I do have another strange situation that I could use some assistance with.
One of the environments that I manage has a monitoring server that has an event generator set up that checks the connection to all of the servers (and to the DDM.nsf replica on each of the servers) in the network every 3 minutes. If that connection attempt times out, the event generator is configured to send out an alert email. I should mention that the servers are in different domains, but the monitoring server has valid connection documents to all of them.
The problem that I am noticing is that when I bring down one of the servers, the event generator does not send out the alert email. By watching the JConsole on the monitoring server, I can see that the event generator checks and notices the failed connection, but it doesn't follow up by sending out the message like it should.
Now, here is where it gets weird. If I forcibly restart the event monitor task on the monitoring server, it then sends out that alert about the failed connection....and this could be hours from when the actual event actually happened. It is as if the event generator and/or the event handler message is somehow getting stuck, and only when I restart the event monitor task, does it then release the message that it was supposed to send out when the event first happened.
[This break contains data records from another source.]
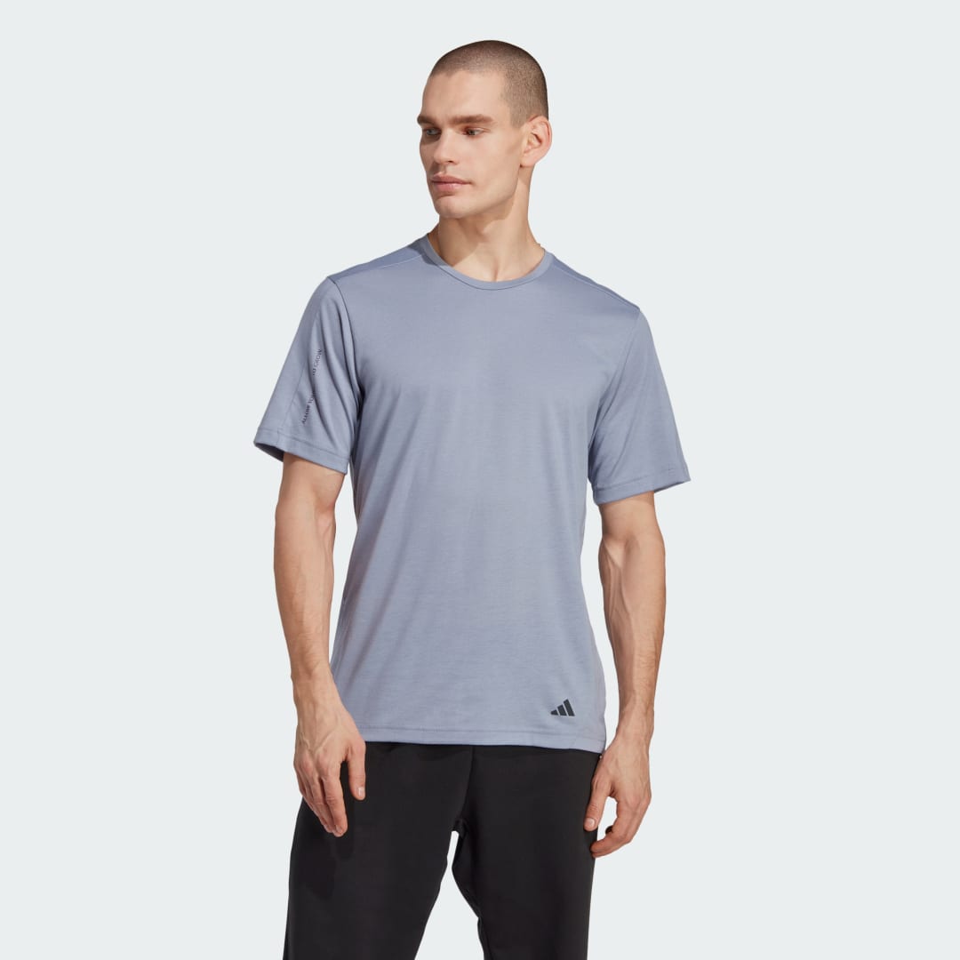 Lascia le distrazioni fuori dalla stanza. Questa T-shirt da yoga adidas ti aiuta a mantenere alta la concentrazione mentre passi da una posizione all'altra. Il tessuto leggero offre una morbidezza imbattibile. La tecnologia AEROREADY ti aiuta a mantenere la pelle asciutta fino al Savasana.Questo prodotto contiene almeno il 70% di materiali riciclati ed è solo una delle nostre azioni concrete per contrastare l'inquinamento causato dai rifiuti plastici.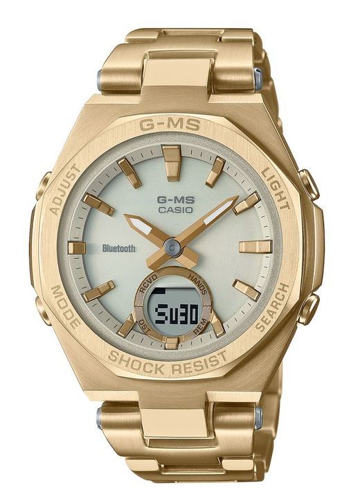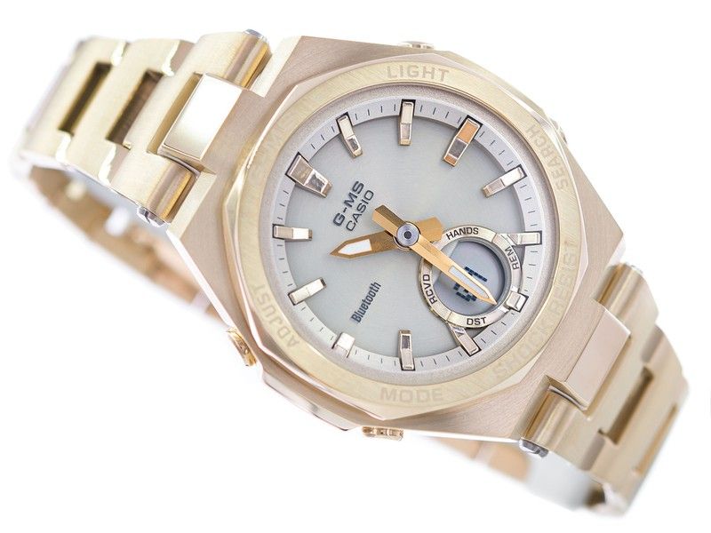 Reloj BABY-G modelo MSG-B100DG-9AER marca Casio para Mujer en color dorado fabricado con Correa de acero inoxidable con un tipo de cierre de Cierre de seguridad. Resistencia al agua de Clasificaci��n de resistencia al agua (10 bar). Es un reloj analógico-Digital de una precisión de Smartphone Link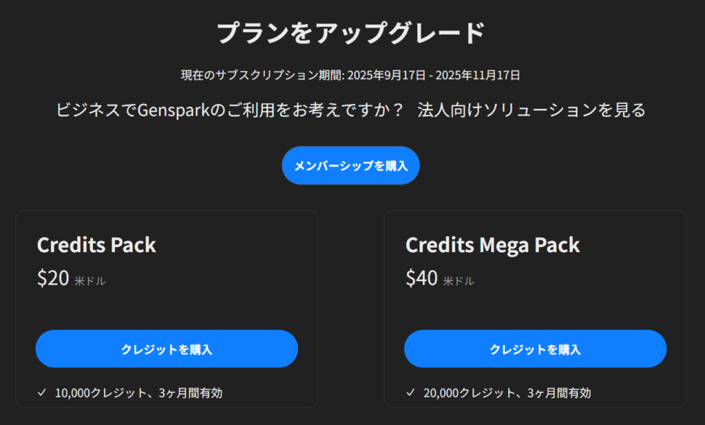 ただし、クレジットパックはPlusプランを契約している方のみ利用可能であり、無料プランやProプランの方は購入できない点に注意が必要です。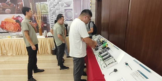 产品展示区,宜科众多创新产品依次陈列,参会嘉宾近距离体验宜科新品的同时,更与技术专家深入探讨产品的参数与应用。
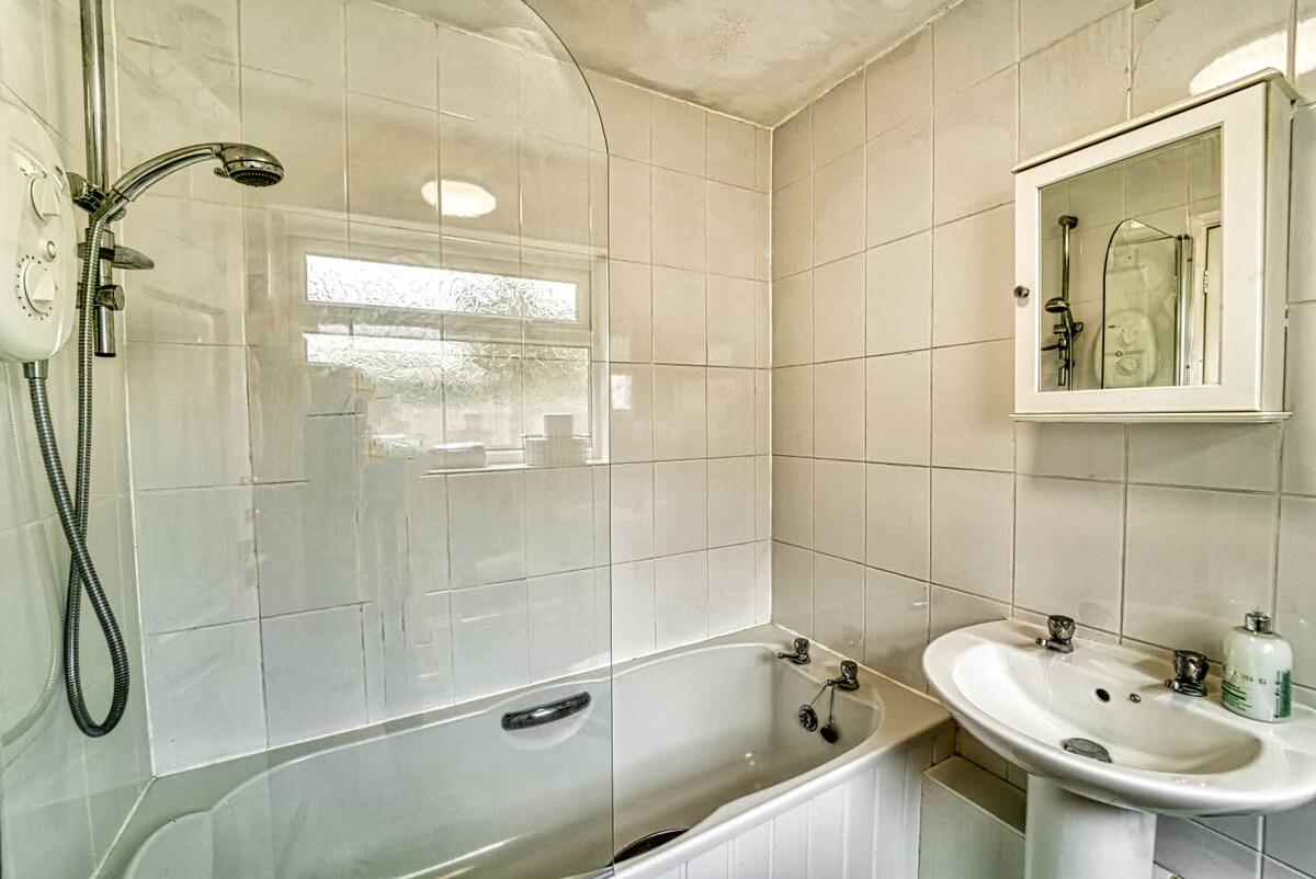 There are two bathrooms in the property. The main bathroom, located downstairs past the kitchen, features an over-the-bath shower, while the master bedroom has an en-suite with another over-the-bath shower. Towels and bed linen are provided for your stay.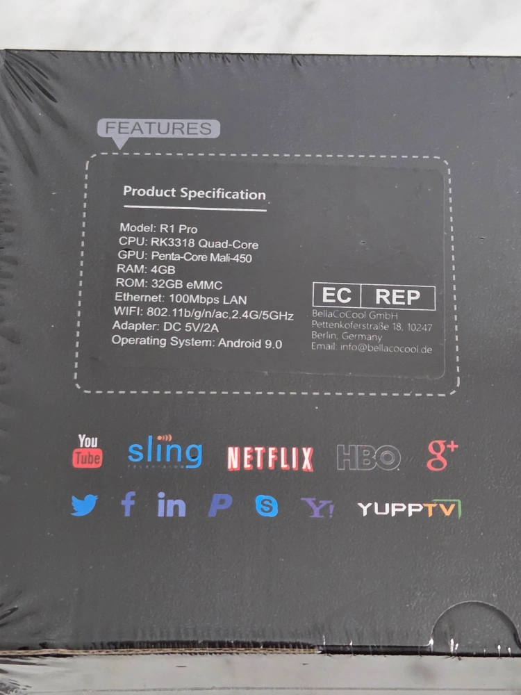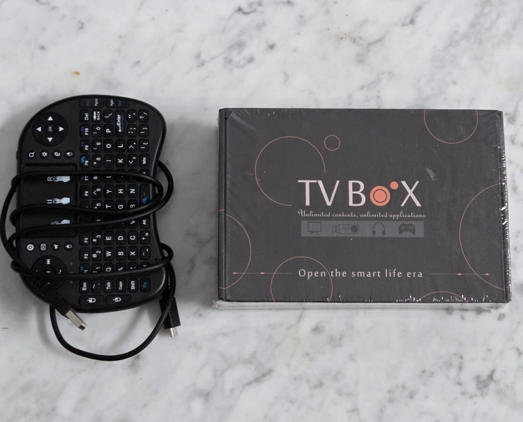 Android TV Box 11.0 4GB DDR 32GB Smart TV Box. Includes wireless keyboard. Features RK3318 Quad-Core CPU, Penta-Core Mali-450 GPU, 4GB RAM, 32GB ROM. Supports Netflix, YouTube, Sling, HBO and any app on Google Play Store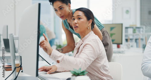 Finance, documents and collaboration with a business black woman talking to a colleague in the office. Teamwork, planning and strategy with a graph or chart on a computer screen at work
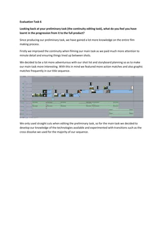The document discusses how the filmmakers improved from their preliminary task to the full film production. They paid closer attention to continuity details between shots. They also planned more adventurous shots and included more action and graphic matches in the title sequence. The filmmakers experimented with transitions like cross dissolves instead of just straight cuts. They also learned how to properly record and edit sound and music. They gained experience using technologies like Livetype for titles. Overall, the preliminary task provided a helpful learning experience to improve their skills and knowledge for the full production.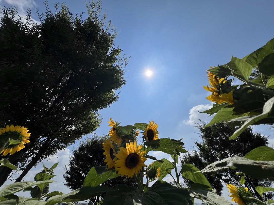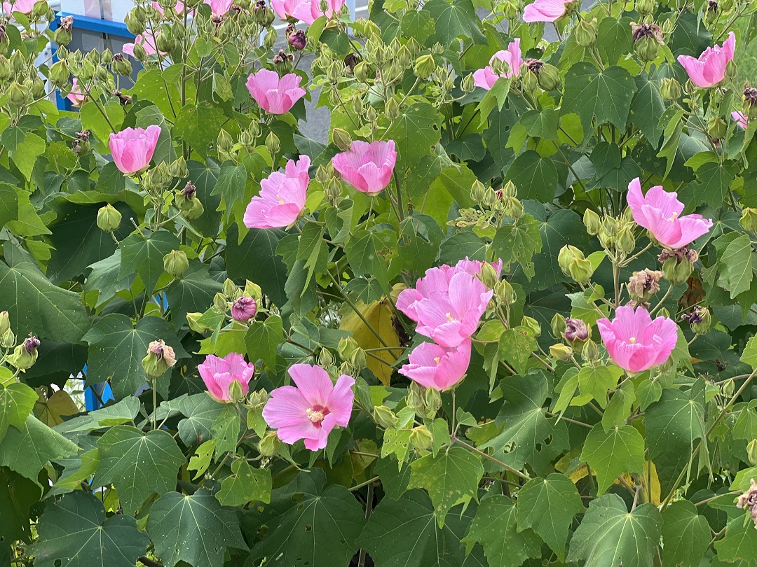 暑い日が続きますね。公園内で元気いっぱい咲いているヒマワリとフヨウの花です。
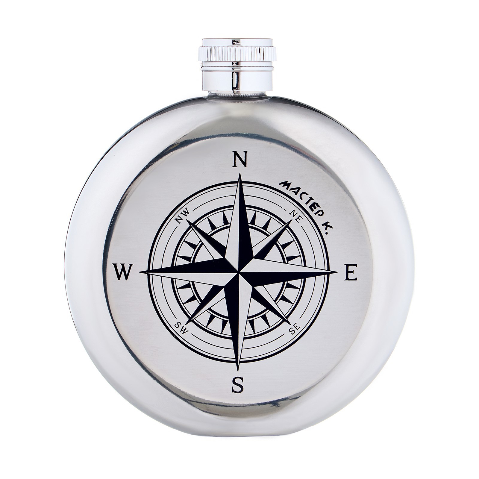 Фляжка для алкоголя "компас", нержавеющая сталь, подарочная, армейская, 150 мл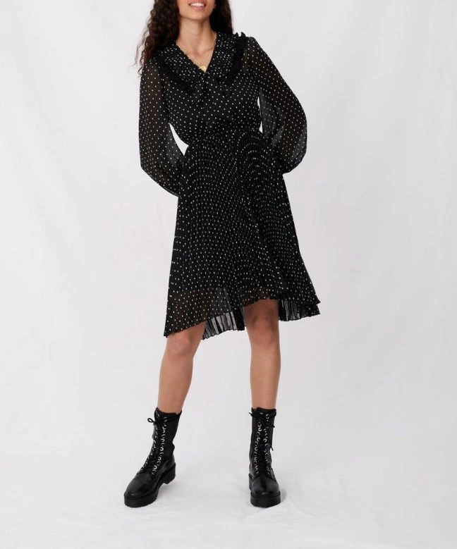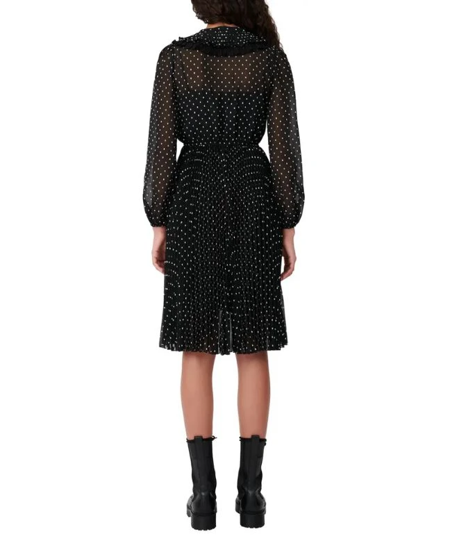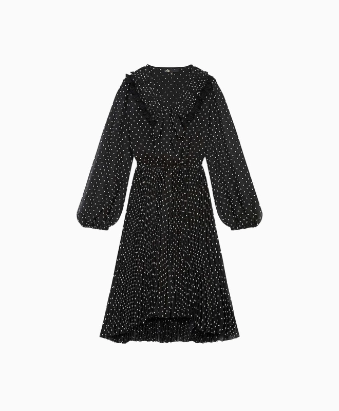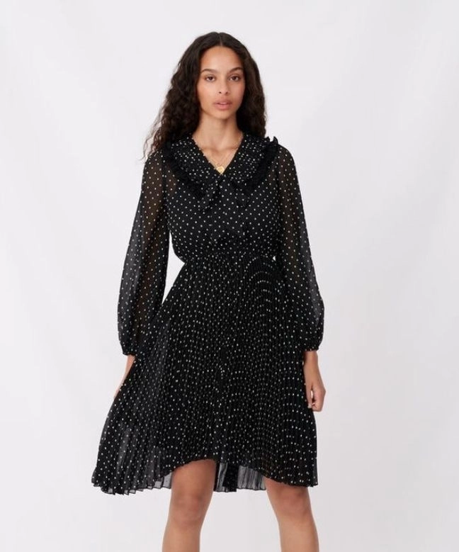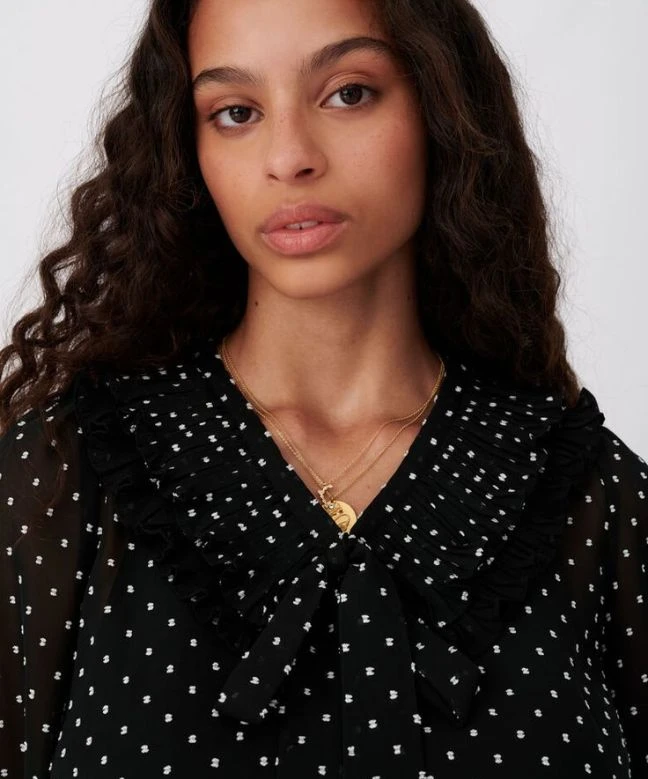 Robe Maje, modèle Ribul. Cette robe noire imprimée fleurie, dispose de manches longues bouffantes, ainsi que d’un col ouvert avec des volants. Cette robe est fluide et resserrée à la taille. Transparente dans le dos et sur les manches, la robe viendra parfaitement épouser votre silhouette. Cette robe peut être portée aussi bien avec une paire de talons aiguilles, qu’avec une paire de baskets pour un look plus décontractée. Idéale pour une soirée entre amis ou simplement pour vous rendre au travail, cette robe intemporelle viendra compléter votre dressing. Cette robe Maje est disponible à la location par abonnement Une Robe Un soir, et aussi à la location.

Now, for some reason, this doesn't happen with every server that the generator is set up to watch. The event generator number is the same, we just added every server that it needs to check to that one event generator (it's only about 16 servers). And, the events4 and DDM databases are all replicas across the environment (which are all properly replicating), so I cannot figure out what is causing this message lockup to happen.
The other weird issue that I have noticed (and I'm not sure if it is related to the event monitor issue or not) is that the monitoring server is constantly showing a message in the logs that states "Suppression interval = 0", and it seems to throw 3-4 of them in a row right when it should be sending out one of those event notifications. I cannot find anything anywhere that references this specific message, and it does not point to any specific ini setting that is set up on the server. I say this because none of the settings on the monitoring server have anything to do with any type of suppression interval.
If anyone has any insights to this problem, or the console message, please let me know. I have tried contacting IBM's support about this, but that was a lesson in futility.
Thank you all very much.